FIG. 6. — (A) Activation of AP-1 in response to different components of *P. aeruginosa*. AP-1 activation was determined by EMSA using a radiolabeled oligonucleotide encompassing the AP-1 consensus motif. Human monocytes were stimulated with either 5 μg of LPS/ml, 50 μg of slime GLP/ml, or 10⁸ viable *P. aeruginosa* cells for 6 h as described in Materials and Methods. Untreated cells were used as a negative control. The specificity of the DNA binding was assessed by preincubating extracts with an unlabeled specific (AP-1) or unspecific (SP-1) competitor oligonucleotide at a 50-fold molar excess. (B) AP-1-dependent transactivation by different components of *P. aeruginosa*. THP-1 cells were transfected with the pAP-1 luciferase construct as described in Materials and Methods. Forty-eight hours after transfection, cells were stimulated with either (left to right) medium alone, 5 μg of *E. coli* LPS/ml, 5 μg of *P. aeruginosa* LPS/ml, or 50 μg of *P. aeruginosa* slime GLP/ml for 6 h. Cell lysates were prepared, and aliquots were assayed for luciferase activity. Luciferase activity is expressed as relative light units/mg of total protein. Results are representative of three independent experiments. * and **, P < 0.03.

DISCUSSION

Given the proposed central role of TNF-α in the development and progression of P. aeruginosa septic shock, it becomes important to understand the mechanisms by which this bacterium triggers TNF-α production.

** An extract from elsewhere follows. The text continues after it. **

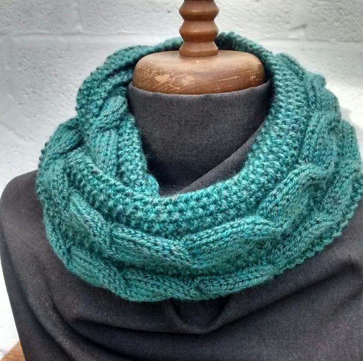 This beautifully cosy and warm handmade cowl scarf can be worn wrapped twice to make a cosy cowl or simply pop over your head as a circular scarf.

The prime pathogenic role of gram-negative bacteria is attributed to LPS virulence factor. The current studies suggest that P. aeruginosa LPS is a weak stimulant in triggering TNF-α production, whereas slime GLP produced by both mucoid and nonmucoid strains is as strong as E. coli LPS, which is a strong TNF-α stimulant, and viable P. aeruginosa bacteria. Our data are in agreement with previous reports indicating that P. aeruginosa LPS is a weak stimulant of TNF-α production not only compared with LPS from other gram-negative bacteria (32, 40) but also compared with LPS of other species of the same genus (50). Heat killing of P. aeruginosa cells abolished their ability to induce TNF-α production, suggesting that either a protein component of the cell wall or a virulence factor produced by viable cells triggers TNF-α production. That other microbial factors produced during an in vitro infection are involved in TNF-α induction cannot be excluded by our experiments. Exotoxin A, as described in the report by Staugas et al. (40) and in our data (not shown), and pyocyanin (46) and exoenzyme S (17) are either weak stimulants or unable to induce TNF-α production. These observations, taken together with the fact that slime is produced early during infection, support our findings that GLP plays a key role in triggering TNF-α induction by human monocytes.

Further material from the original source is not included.